Thanks again to all. I talked with her a few minutes last night, and the conversation was good. She said that she never, ever, loved him, or desired him, but he made her feel needed, like her opinion mattered. She said that I have never needed anybody, so she felt useless when she found out that her ovaries were too scarred for conception. Like she had no value. She has left the matter of divorce up to me. She told me again that she loved me more than life and would always be faithful and would prove her honesty every day from now on , if I give her another chance. She also said that the only reason she did not tell me the complete truth the first time was fear that it would put me over the edge, and there would be no hope of reconciliation, and that her therapist agreed that the least said, the soonest mended. She says that she will never leave me voluntarily and that if I want her gone, I will have to force her away, and that she will do ANYTHING I say for a second chance. She said this several times. She didn't sob or whine, She said that she will always be an open book for the rest of her life, now that she knows the cost of deceit. IDK, When I said that I didn't love her, it was said in anger. IDK.


----------



## takris

Dowjones,

I think you mentioned quite a few posts back that she is borderline. Do you really have an understanding of this disease? I'm not trying to hurt your feelings, but I was like you, gifted and not without options, but naive about her problem.

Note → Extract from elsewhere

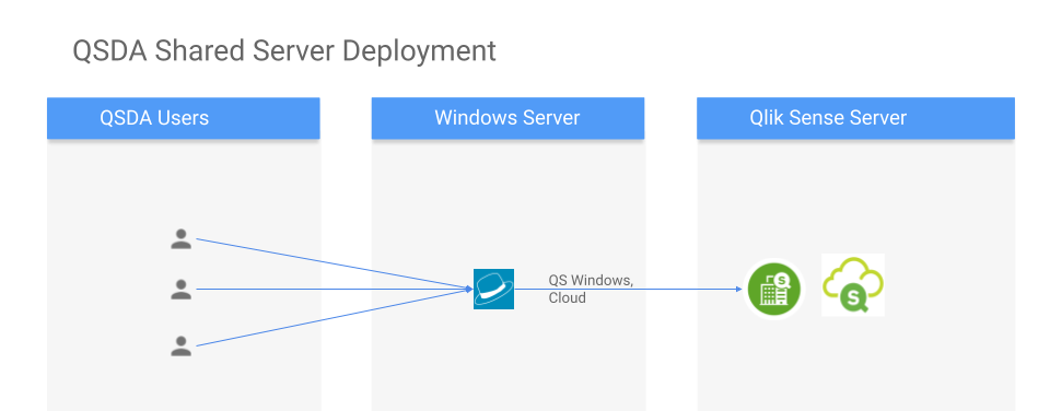 Install QSDA on a Windows Server for shared use by multiple users. You define one QS Server connection for all users. Users share analyses in a common repository. This deployment requires a QSDA Pro Enterprise license.

My wife of 22 years is probably borderline, but I'm not pushing the firm diagnosis. We don't need it because we know who she is.

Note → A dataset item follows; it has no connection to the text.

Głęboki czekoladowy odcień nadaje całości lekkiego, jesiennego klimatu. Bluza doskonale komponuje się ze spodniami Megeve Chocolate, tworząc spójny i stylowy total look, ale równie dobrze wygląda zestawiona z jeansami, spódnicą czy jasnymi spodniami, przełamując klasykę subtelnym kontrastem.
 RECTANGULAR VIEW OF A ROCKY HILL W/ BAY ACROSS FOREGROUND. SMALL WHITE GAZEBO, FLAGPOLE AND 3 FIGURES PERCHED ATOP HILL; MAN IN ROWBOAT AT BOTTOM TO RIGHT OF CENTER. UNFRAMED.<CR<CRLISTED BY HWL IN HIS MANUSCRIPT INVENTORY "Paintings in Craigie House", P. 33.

Point is, my wife has never cheated, but she has borderline tendencies. I know for a fact that she would if she was put in the right situation and saw the man as her infallible partner. She couldn't resist it. That stage would last precisely no longer than the minute she saw one flaw. Then she would come back to her safe place. Me.

She's a great person when she is not in one of her self-hatred stages.

I would hate to advise one way or another, but people who do not understand borderlines will try to fit you into their own box. They'll say "be like Christ" or "forgive" or "once a cheater, always a cheater". If she is truly borderline, you should make sure that you understand the disease before making the decision.


----------



## lobokies

**** her just leave her .. deceiver is ****. she can not be trust dow. she is an evil


----------



## takris

I'll just add that before you mentioned that her therapist said she is borderline, I was seeing the possible pattern in your description of the event. From my understanding of borderline, could this be what happened in her mind?

She is married, and already has passed the honeymoon phase of the BPD cycle. Now, in her mind, she sees that you are not the perfect saint. It is extremely hard for a borderline to see anything other than in black or white, so you have become the one that she cannot trust.

A new medical situation arises. You are not to be trusted in her eyes, but this other guy has demonstrated no flaws. He's the perfect one. I'll connect with him.

Other guy doesn't quite sweep her off her feet, so because gray areas cannot be grasped, he is bad. What are my options? Husband is there. Now, he becomes the saint again.

The saddest part, to me, is the self loathing of the borderline personality. Until recently, I was always able to see beyond, into the real person beneath. 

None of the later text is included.